Microsoft's Bing team moves to make its search engine more social by
rolling up Twitter tweets and status updates and shared links from
Facebook fan pages into a new Website called Bing Social.
Bing began
indexing tweets sparingly last July, but kicked it up with the launch of its Bing
Twitter Website last October at the Web 2.0 Summit.
At the time, Yusuf Mehdi, the senior vice president
of Online Microsoft's Online Audience Business Group, pledged to add data from the Facebook firehose feed to the mix.
Mehdi delivered
with Bing Social at
SMX Advanced in Seattle June 9. Mehdi did not say how much Microsoft pays
Twitter or Facebook for the content.
What the incorporation of the Facebook data means is that
Bing will search through Facebook fan page updates and deliver matching
results.
In Bing's
example, a search for "NBA Finals" will return fan page content from
Facebook, including posts from a local TV station.
Facebook is still pretty protective of its data.
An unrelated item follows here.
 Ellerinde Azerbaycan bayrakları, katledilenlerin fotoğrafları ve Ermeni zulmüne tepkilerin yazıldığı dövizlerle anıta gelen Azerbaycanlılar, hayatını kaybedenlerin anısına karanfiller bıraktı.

For
non-fan pages Bing can only surface popular shared links from Facebook users in
the aggregate form, and only those links from users who have set their status
updates to be shared with "everyone."
Bing has also spruced up trending topics by using content
from both Twitter and Facebook. A search for MTV Movie
Awards, for example, pulls up info about why it's trending, a snippet of social results from
Twitter and Facebook, with query refiners on the bottom.
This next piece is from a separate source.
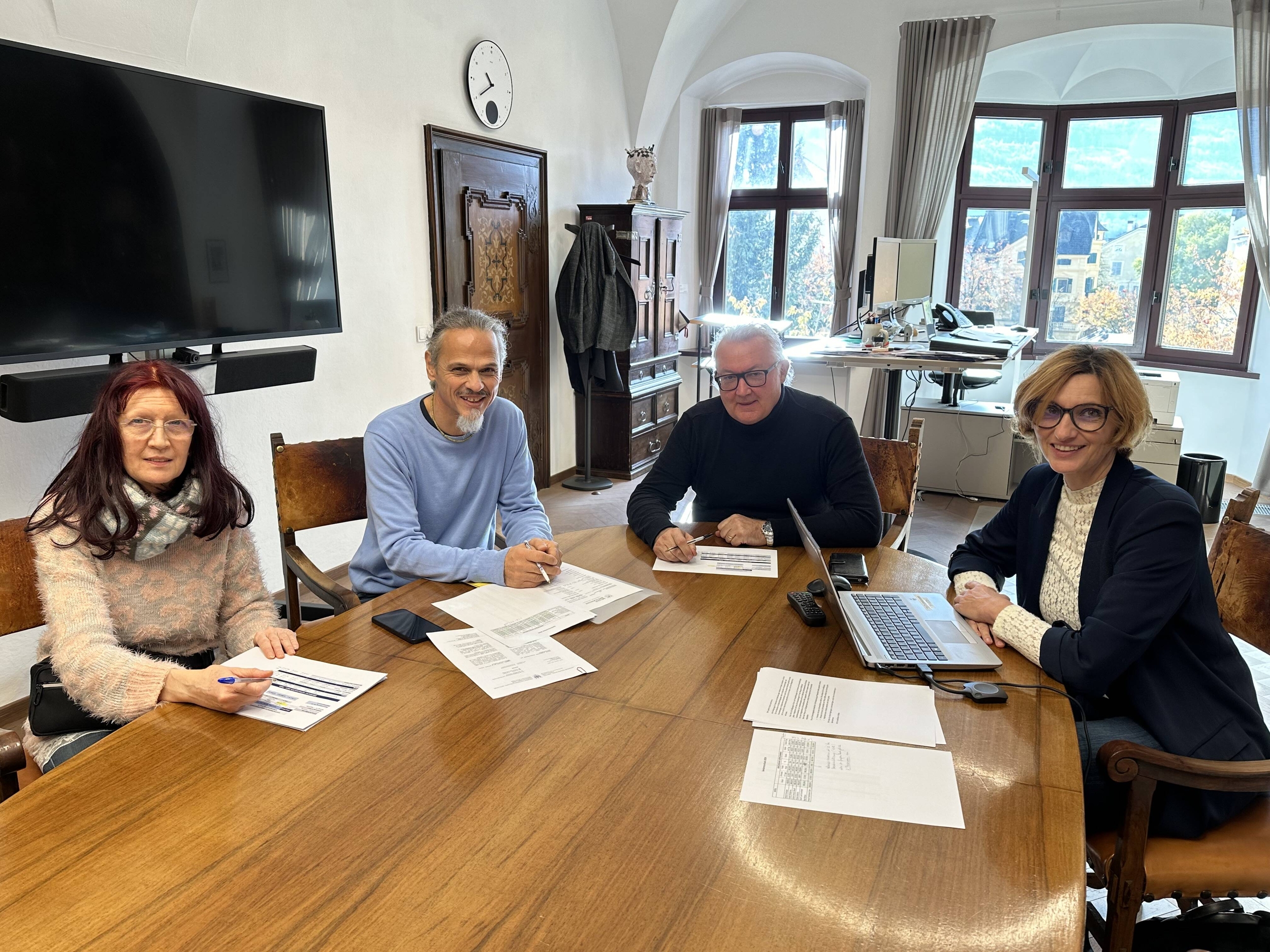 Foto v.l.n.r. Irene Masera, Dienststellenleiter Hermann Popodi, Vizebürgermeister Ferdinando Stablum und die zuständige Stadträtin Monika Leitner bei der Planung für die Seniorenurlaube 2024

The firehose updates come one month after Bing launched buttons that let shoppers solicit
product feedback from their friends on Facebook and Twitter.
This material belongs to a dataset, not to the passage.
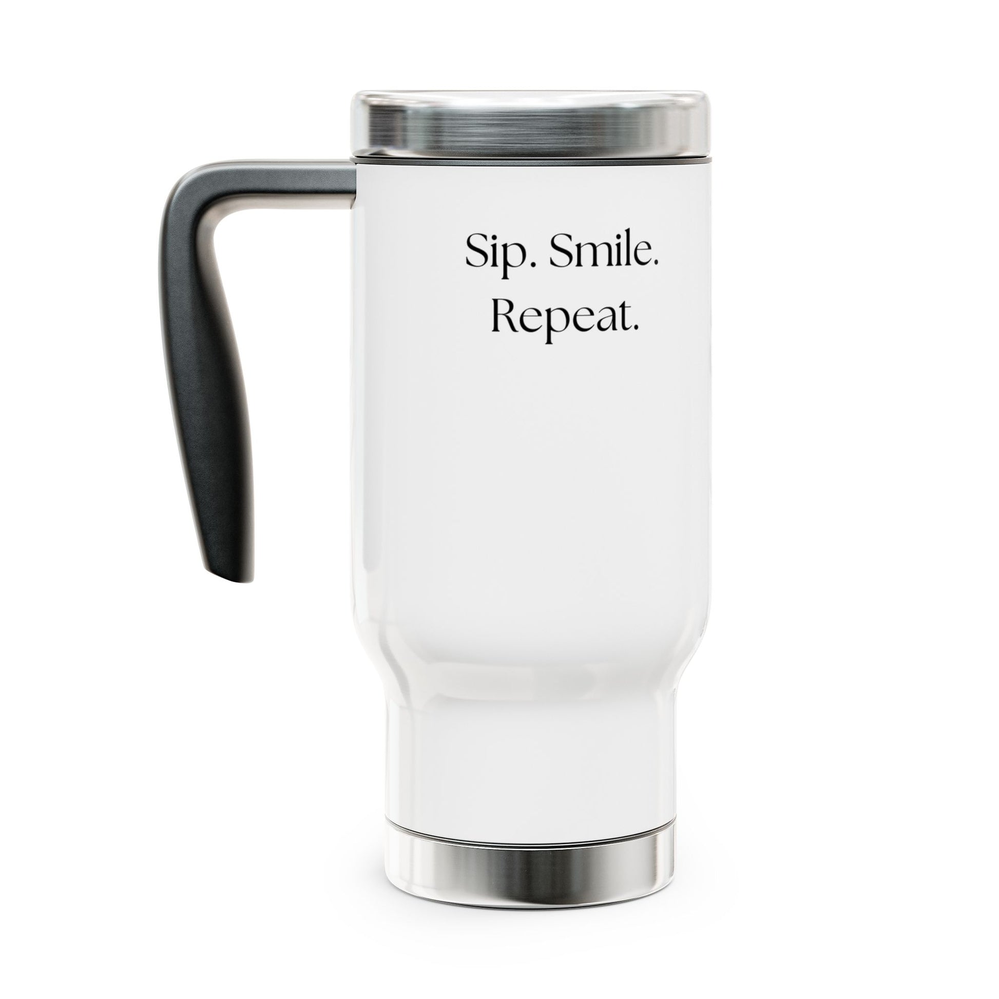 Meet our stylish Stainless Steel Travel Mug—designed for those who are always on the move! This sleek and versatile mug keeps your favorite beverages at the perfect temperature while boasting a glossy finish that adds a touch of sophistication. Adorned with the simple yet meaningful reminder “Sip. Smile. Repeat.” it encourages you to embrace life’s little moments, one sip at a time. Whether you're powering through a busy morning, commuting to work, or unwinding in the evening, this mug is the perfect companion for coffee lovers, tea enthusiasts, and anyone who values quality drinkware. A great gift for Christmas, New Year’s, birthdays, or just because—bring warmth, style, and a smile to your daily routine!

The work shows Bing is trying to be a
relevant player in the real-time and social search categories, which are
clearly blurry thanks to the real-time nature of Twitter and the social aspects
of Facebook.
Google is offering tweets and content from Facebook and Myspace
in real-time. The search giant also sports its own social search effort to drop content created by users directly into their
friends' search results.
However, it's clear these efforts from Bing and Google are
still either practices that warrant time to mature.
Or, they could have already
lost out to Facebook and Twitter, whose combined networks of some 600 million
users are really where users want to share links, photos and video content.